Purpose

The OSE Development Server serves as both a hardware mismatched staging node for our Production Server and as a development server.

Security

Because this server is a staging server, it necessarily has mirrored state (ie: DBs & files) from production. This state contains very sensitive content including, for example, databases of our users' PII such as names, addresses, email addresses, usernames, and (hashed) passwords.

And because this server is also a development server, at any given time it's likely to be running untested code and insecure configurations.

Therefore, to keep the data safe on this machine, only two services should be exposed on the Internet:

1. SSH
2. OpenVPN

All other traffic must be blocked by iptables.

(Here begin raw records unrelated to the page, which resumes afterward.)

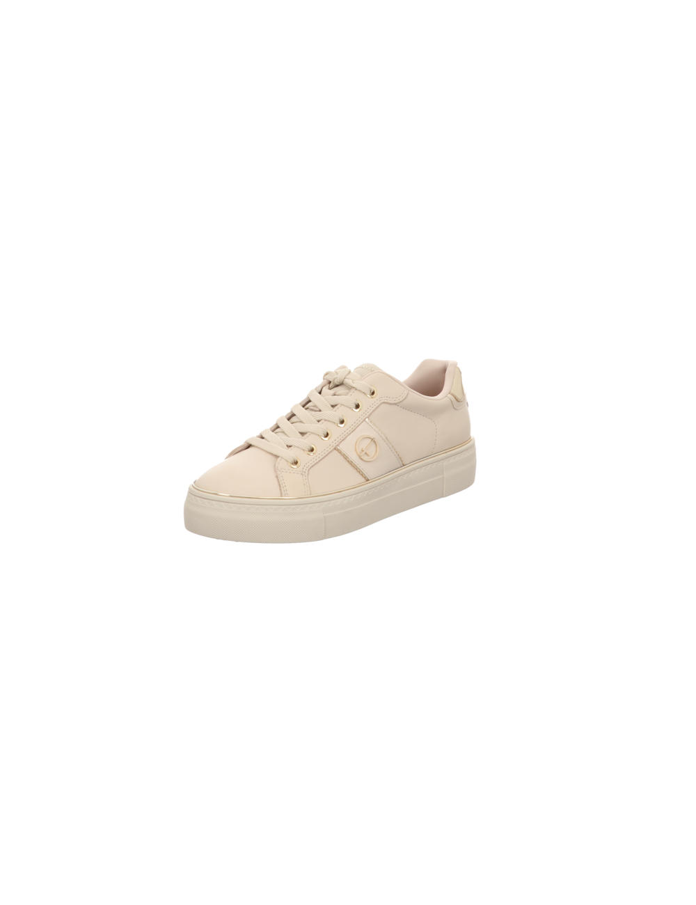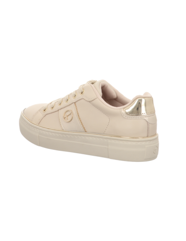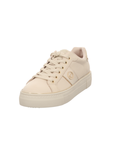 Sneaker in beigen Glattleder mit Gummisohle.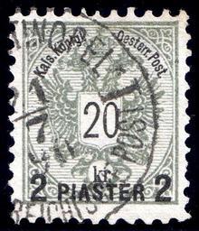| Keywords: Austria Levant 1888 Sc18.jpg en Postage stamp of the Austro-Hungarian Empire for usage by Levant post offices 2 Piaster on 20 Kreuzer grey used in Constantinopel Catalogue Sc 18 Mi 18 Valid for postage to 30 6 1891 1888 Scan of original Austro-Hungarian postal authorities PD-old 1888 stamps Austrian post offices in the Ottoman Empire Double-headed eagles on stamps Animals on stamps to be categorised by country | ||||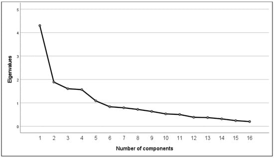 Lastly, to identify the main factors that underlie the survey, an exploratory factorial analysis is convenient. This multivariable analysis technique allows the reduction in the excess of information associated with multivariable collection to the main representative components. These latent components or factors represent the group of questions that explain relations among them without lack of information []. Principal component analysis and Kaiser’s varimax normalization were the extraction and rotation methods used, respectively.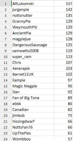 Weymouthpie, liampie, ancientpie, magpiejue, nottsnutter, super_ram & barnet11uk - 3 points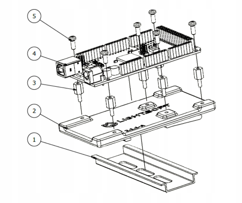 Zestaw nie zawiera szyny DIN (numer 1) ani modułu sterującego (numer 4).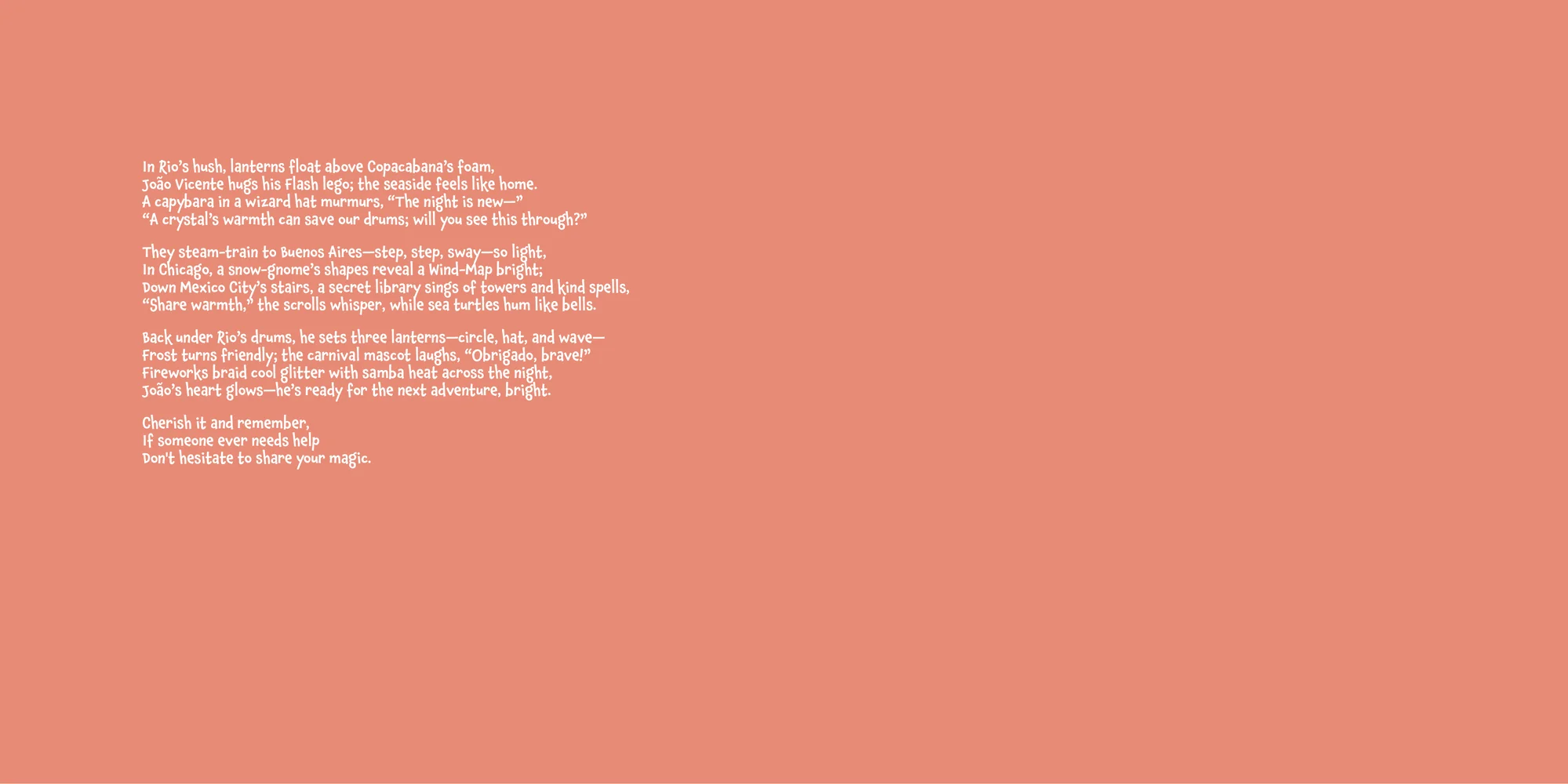 Welcome, Colby! Here's a special preview of the story where João Vicente is the star. This unique book captures the magic of João Vicente's favorite things, and the little details you've shared.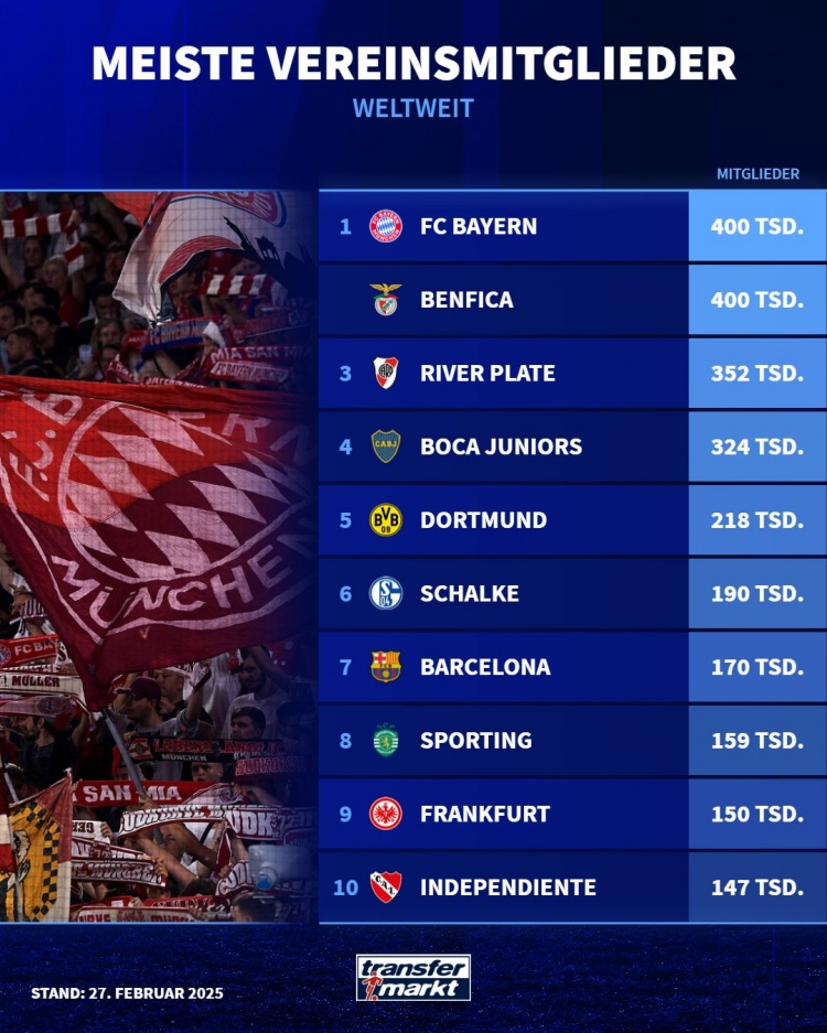 俱樂部會(huì)員人數(shù)排行:拜仁、本菲卡40萬居首,多特第5,巴薩第7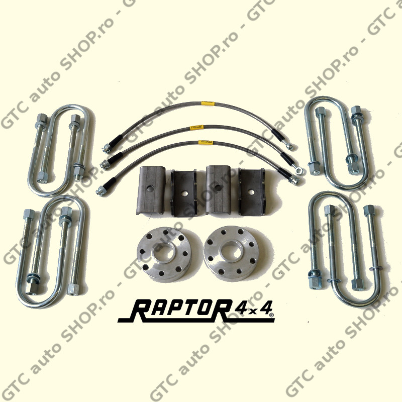 Kitul furnizeaza piesele necesare pentru relocarea arcurilor cu foi deasupra puntilor, astfel incat se realizeaza ridicarea masinii fara inlocuirea arcurilor cu foi.
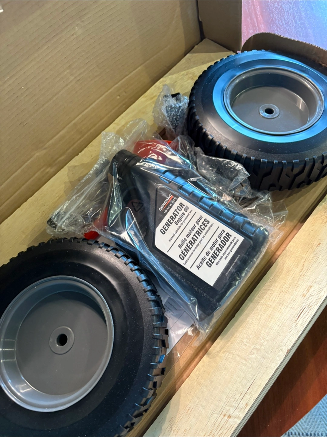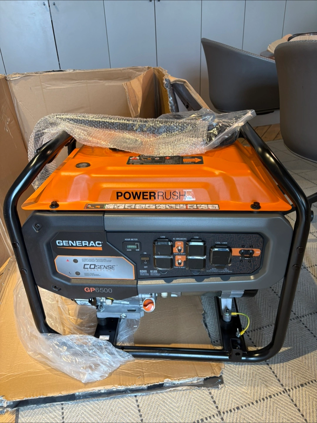 Selling a brand new Generac GP6500 portable generator. It's still in the box and comes with all the original components, including the wheels and oil. This generator features PowerRush technology and has a large-capacity fuel tank. Perfect for emergencies or outdoor projects!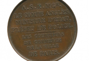 1818 - MEDAILLE des " COURTIERS de COMMERCE de la ville de PARIS, HOMMAGE à " A.S.E. MGr LE COMTE ANGLES ( * ) / MINISTRE D'ETAT : PREFET de POLICE ". - Avers : Mercure tenant un caducée et une bourse, assis sur un colis, proue de bateau au second plan, à droite coq chantant ; à l'exergue : M.D.XVIII, signature médailleur Galle. Bronze - 41 mm - 40 grammes.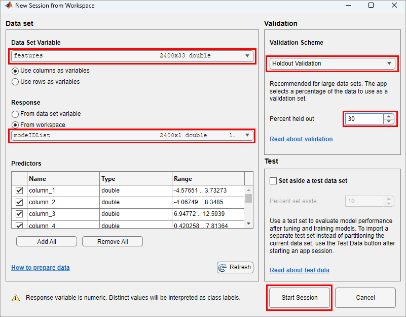 The app trains a model on the training set and assesses its performance with the validation set. The model used for validation is based on only a portion of the data, so Holdout Validation is recommended only for large data sets. The final model is trained with the full data set. In this example, Percent held out is set to 30. This value indicates that 70% of the data is used for training the machine learning algorithm.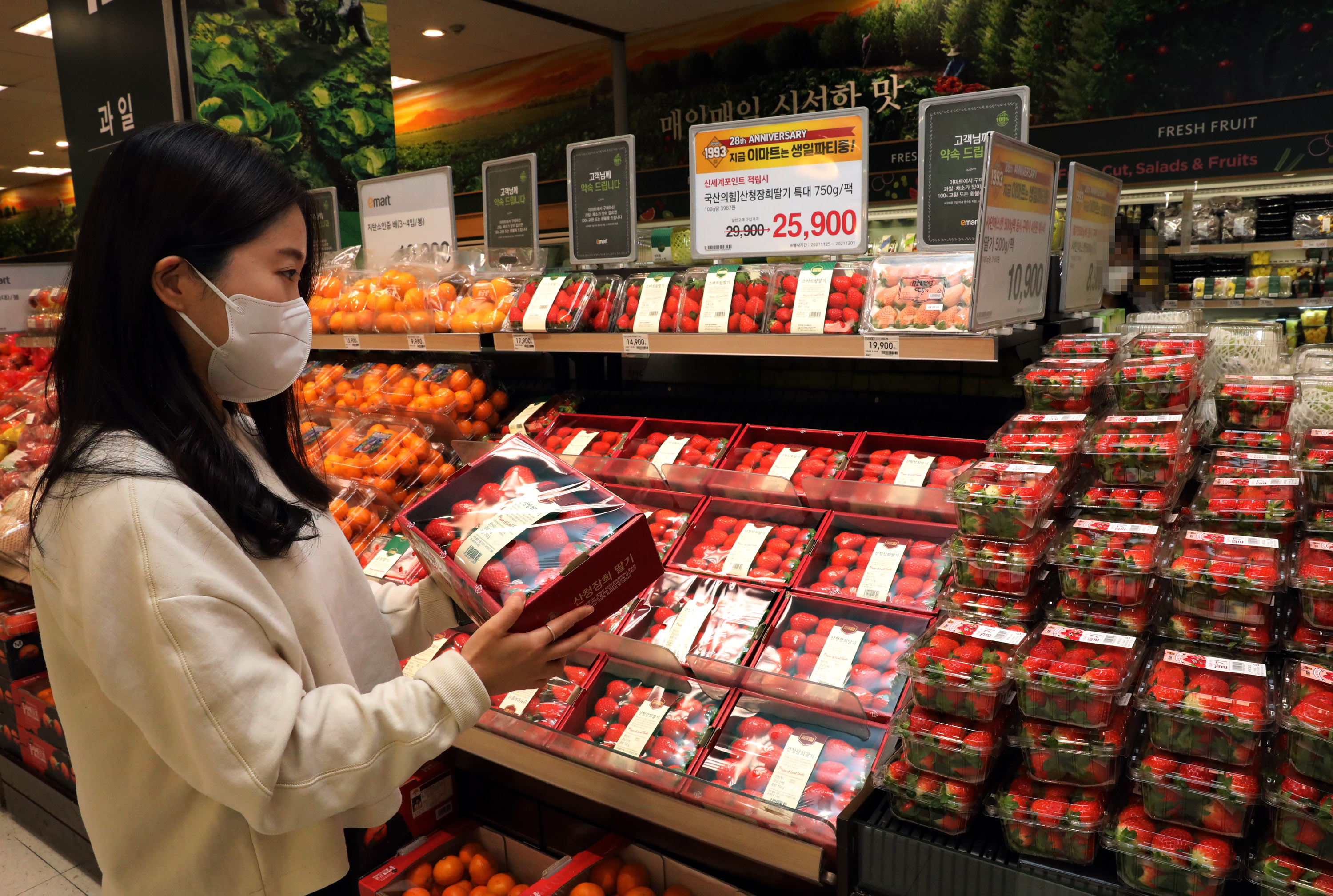 MEDIA 글자 크기 보통 크게 아주 크게 공유하기 페이스북 X 카카오톡 링크 복사 링크 복사됨 도구 보기 이미지 다운로드 이마트, 품종 다양화로 그로서리 경쟁력 강화, 비타베리, 아삭달콤, 하얀딸기 새로 선보이고 전품목 할인 2021.11.29 이마트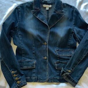 Perfect for a denim on denim look. Casual Corner Denim Blazer Jean Jacket Dark Blue Stretch Notch Lapel Size 8. Button up front and cuffs. Slim fit. Excellent condition. Approximate measurements in photos.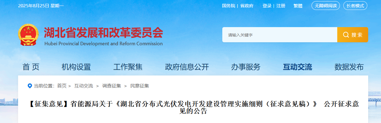 此次公开征求意见时间为2025年8月22日至2025年9月22日。欢迎有关单位和社会各界人士通过电子邮件(邮箱:3551176@qq.com),或登录湖北省发展和改革委员会门户网站首页,进入“互动交流”专栏,提出意见建议。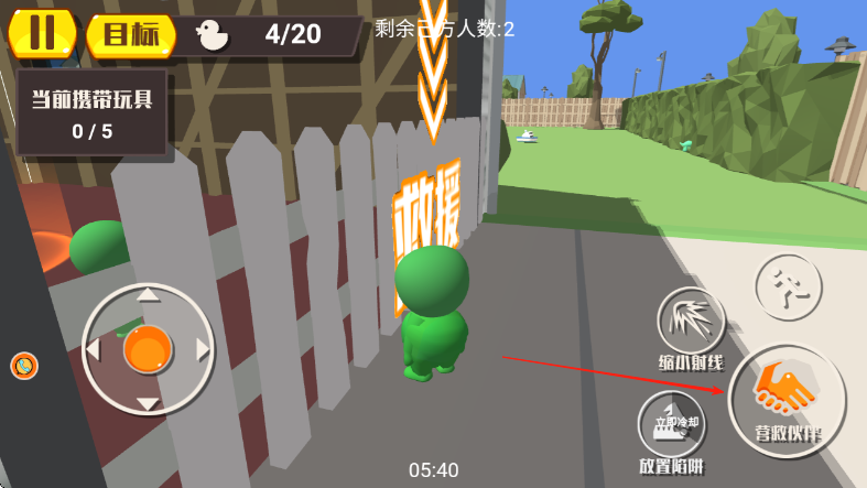 3、发现被抓住的己方伙伴时,点击右下角营救伙伴按钮实施救援,增加己方人数,完成关卡目标。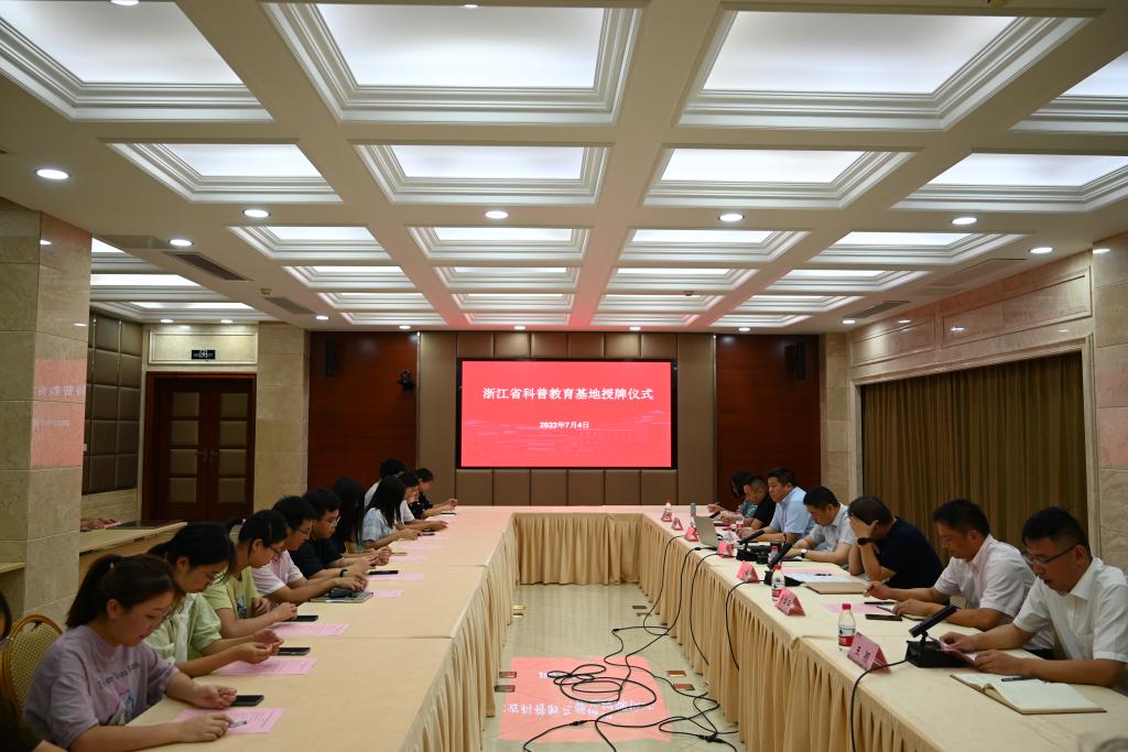 劳越嘉和徐青共同为浙江省科普教育基地授牌。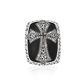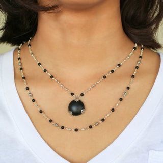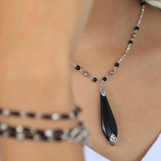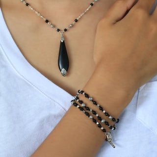 LH Scroll Bead with Matte Black Onyx Faceted Bead 4mm Alternate Stretch Bracelet

Both of these services must be hardened. All developers working on the OSE Dev server should first authenticate to OpenVPN. Once given a "local" IP address by OpenVPN, they can freely & securely interact with the dev server.

Initial Creation (Aug 2019)

On August 1st, 2019 Marcin approved my (Michael Altfield) request to spend $100/year on a development server to facilitate the a POC for Discourse (and Askbot) without breaking prod.

The intention was to spin-up the cheapest hetzner cloud node with a 50G block volume. So a CX11 @ 2.49 EUR/mo w/ 1 vCPU, 2G RAM, & 20G disk) + 50G block storage @ 2.00 EUR/mo (total @ 4.49 EUR/mo). That's compared to our existing dedicated production server w/ 4 CPUs, 64G RAM, & 2x 250G disks @ 39 EUR/mo.